県庁や市役所から車でおよそ5分。賑やかな国際通りとは反対側にあり、細い路地の住宅街が広がっている那覇市楚辺の一角、城岳(グスクダケ)公園内に「楚辺の陣地壕」の跡があります。

この公園は那覇の中心部とは思えないほど、静かな公園です。平日の夕方に行ったのもあるかもしれませんが、誰も人がいませんでした。

琉球王朝時代には拝所があり、3月・6月・9月の祭祀のほか、旱魃時には雨乞いの祈願が行われたそうです。(公園内の案内板参照)公園内は御嶽というとこともあり、より一層静かな気がします。そういえば公園内に御嶽がある所はどこも静かな印象でした。

沖縄戦当時、那覇周辺は沖縄戦唯一の市街戦となりました。
周辺にはいくつもの陣地壕が作られたそうですが、城岳公園内にある陣地壕もその一つです。

沖縄戦唯一の市街戦

1945年5月18日に現在のおもろまち周辺の「シュガーローフ」がアメリカ軍に占領されると、首里の南側を(那覇方面)から包囲するため那覇に侵攻していきます。

那覇は「十十空襲」でほぼ市街地は消滅、港湾施設も多大な損害を受けており、両軍ともに戦略的な価値は低いと見られていましたが、日本軍はアメリカ軍の進行を遅らせる作戦をとり、市街戦となりました。

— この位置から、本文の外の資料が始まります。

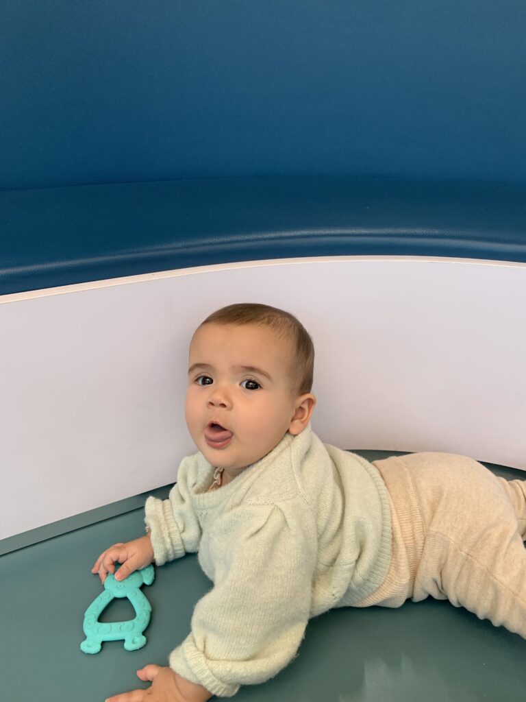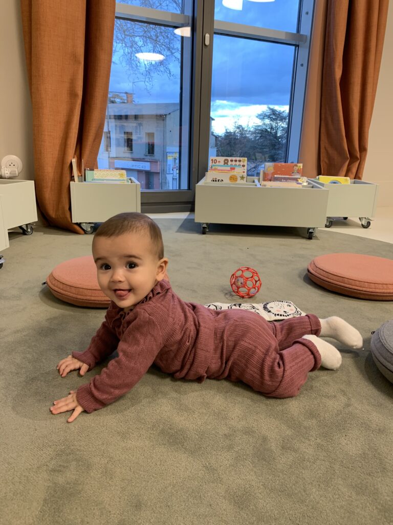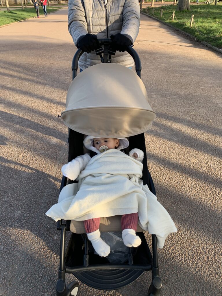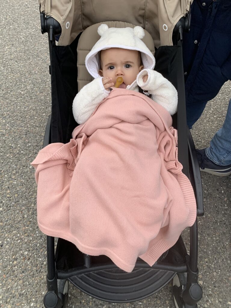 Quelques jours après ses 7 mois, Daphné est passée de sa nacelle de bébé à la poussette normale. Elle ne bouge pas et adore tout regarder 🙂

日本軍は那覇の高台に陣地を作り、アメリカ軍を攻撃し続けました。
その一つが、「楚辺の陣地壕」です。

あまり記録が残っていない「楚辺の陣地壕」

「楚辺の陣地壕」はいつどの部隊が作ったのか、詳細はわかっておりません。

アメリカ軍上陸後、空襲などで被害を受けていた県庁の避難先として、県庁に近い本壕に県職員が避難し、ここで業務をしていました。地元の住民の避難場所にもなっていたそうです。

その後、海軍から壕を使用したいとの申し出があったので、県庁の機能は那覇市真地に県庁壕の機能を移動させました。

那覇の市街戦で、城岳周辺に配属されたのは特設第6連隊でした。

特設という名がついている通り、戦況が風雲急を告げる中設立された部隊で後方部隊ということもあり、装備は不十分だったと考えられます。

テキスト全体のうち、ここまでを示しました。